Música em construção
Lirinha tenta explicar a razão do sucesso do Cordel: "A gente procura fazer uma música mais inovadora e menos celebratória." Emerson vai adiante: "A nossa música ainda está em construção, não cabe em rótulos, não é parecida com nada." Ele rejeita as influências que normalmente são associadas à banda. "O Mestre Ambrósio é mais música do litoral e da Zona da Mata. Já o Quinteto Violado bebeu nas mesmas fontes que a gente, só que tem uma visão mais armorial, presa às tradições."

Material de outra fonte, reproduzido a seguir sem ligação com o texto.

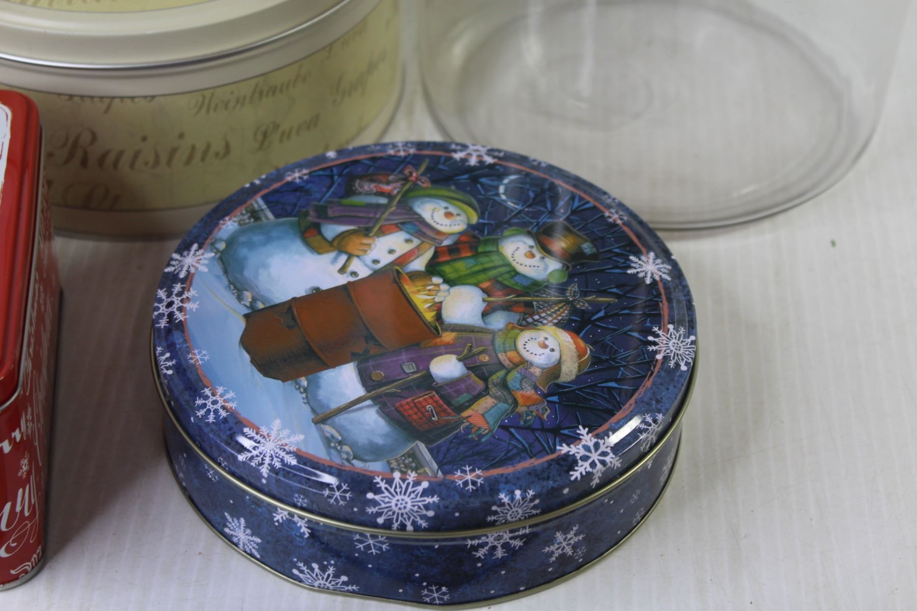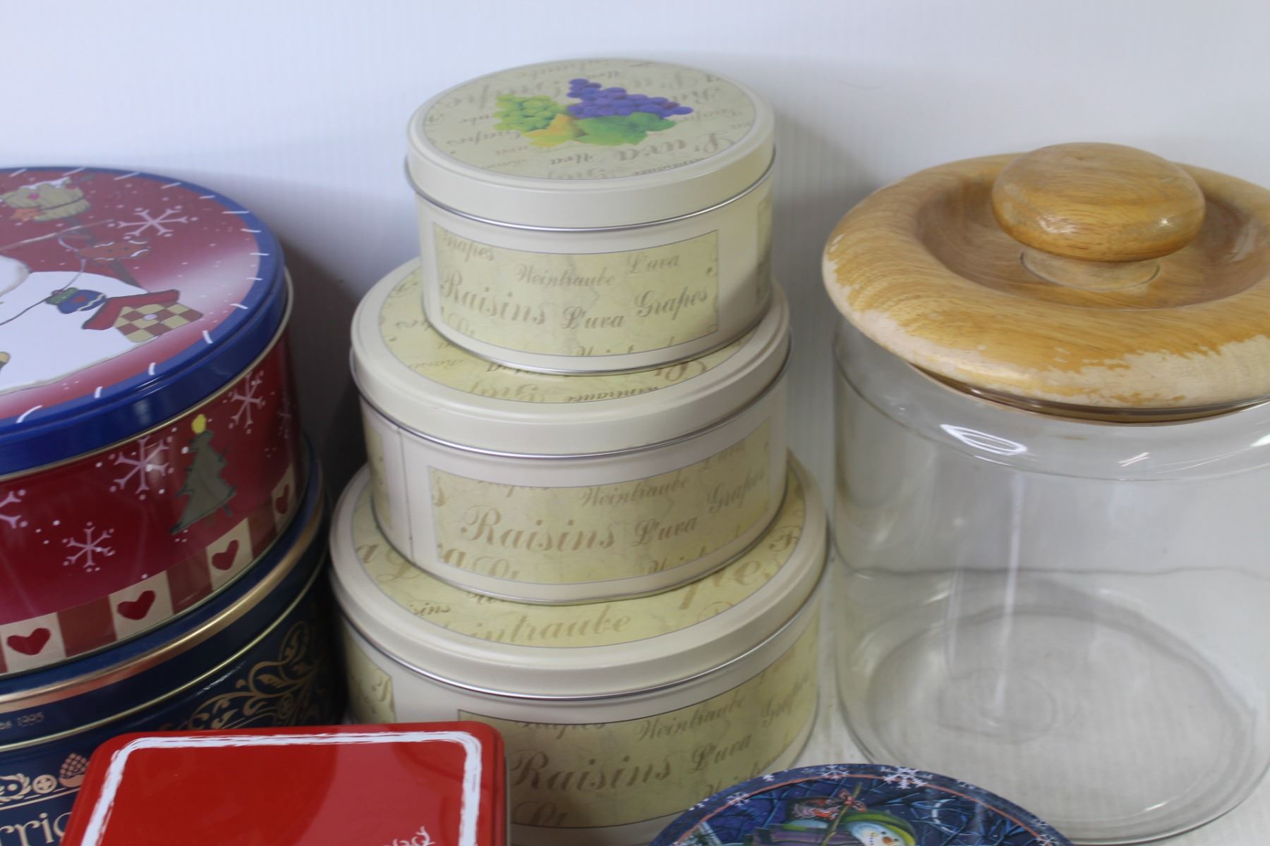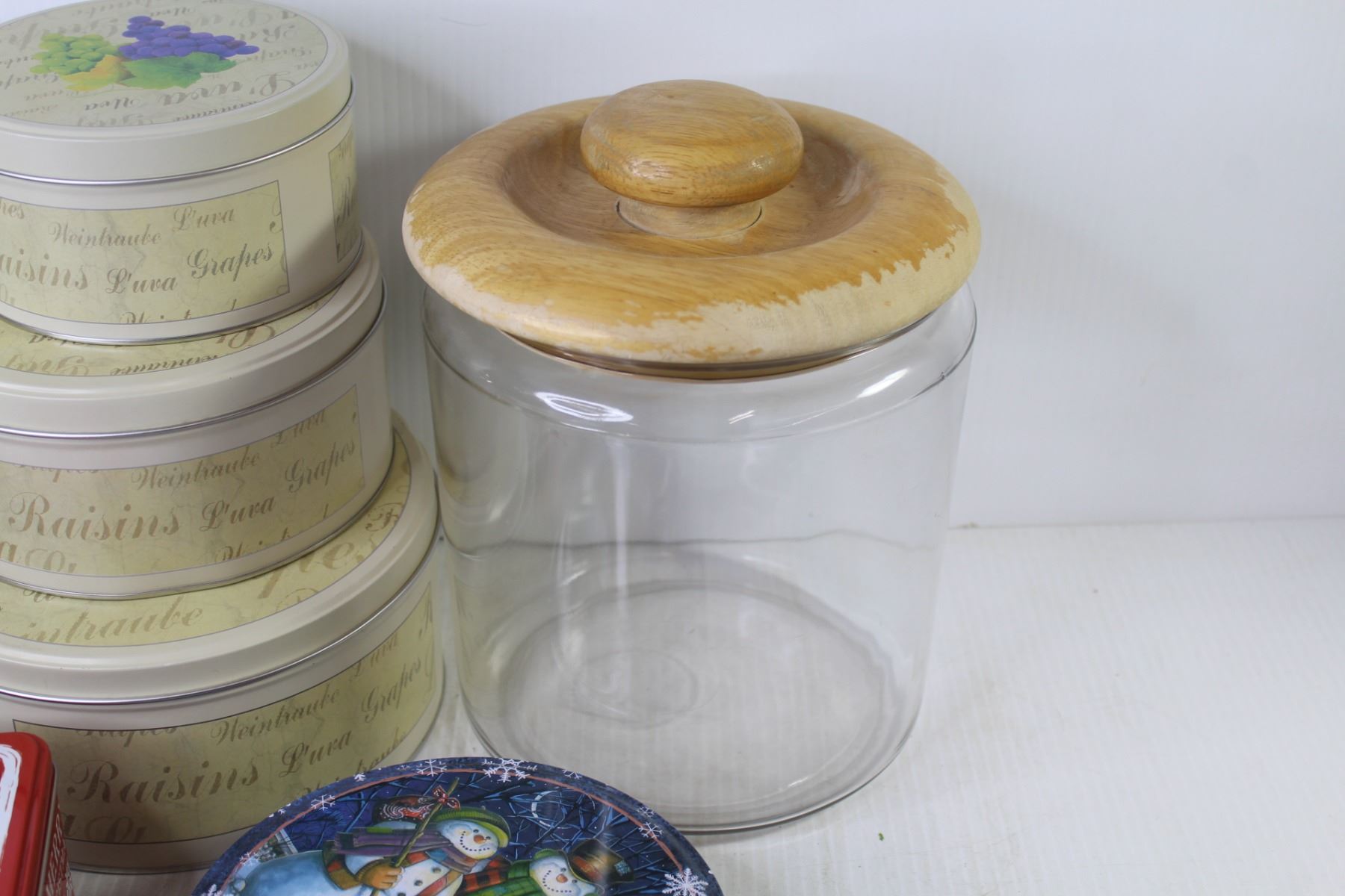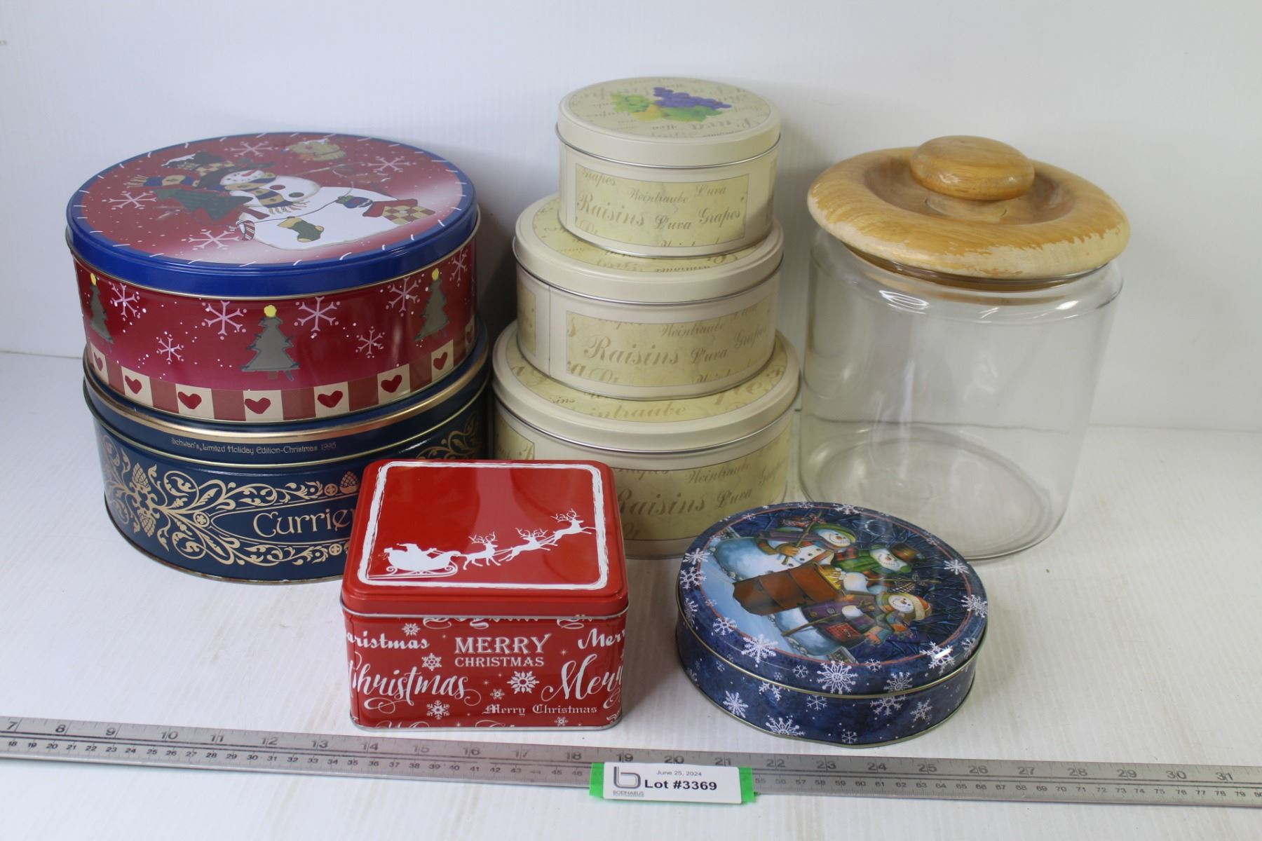 (7) Tin Containers - Glass Lidded Jar/Cannister

Por sinal, depois do trabalho com Naná Vasconcelos, a banda foi se abrindo cada vez mais para a tecnologia. Clayton já usa um violão cheio de efeitos eletrônicos e, em breve, o Cordel carregará para o palco um sampler. "Naná sempre diz que a tradição limita a criatividade do músico. Com um sampler na mão vão surgir coisas", espera Emerson. Mas ele acredita que, mesmo sem a tecnologia, a música que o Cordel faz já pode ser considerada futurista. "Tem uma frase de Chico Science da qual a gente gosta muito: ‘Modernizar o passado é uma evolução musical’", cita.

Presença forte na música do Cordel, o sertão também está representado em suas letras. "Elas falam do que se vive na região da gente. De como é importante chover para modificar a vida", diz Lirinha, chamando a atenção para a herança dos profetas e dos conselheiros, "a anunciação do fim da escuridão". Na música Chover (Ou Invocação Para um Dia Líquido), está dito: "Meu povo não vá simbora/ Pela Itapemirim/ Pois mesmo perto do fim/ Nosso sertão tem melhora." Os músicos, de qualquer forma, há muito caíram na estrada. No exterior, eles sabem que vão contar mais com o groove do que com os elementos teatrais. E ao vivo, a pancada do Cordel pode ser mais forte que muito rock’n roll. "A gente chegou falando forte e pisando firme!", anima-se Lirinha.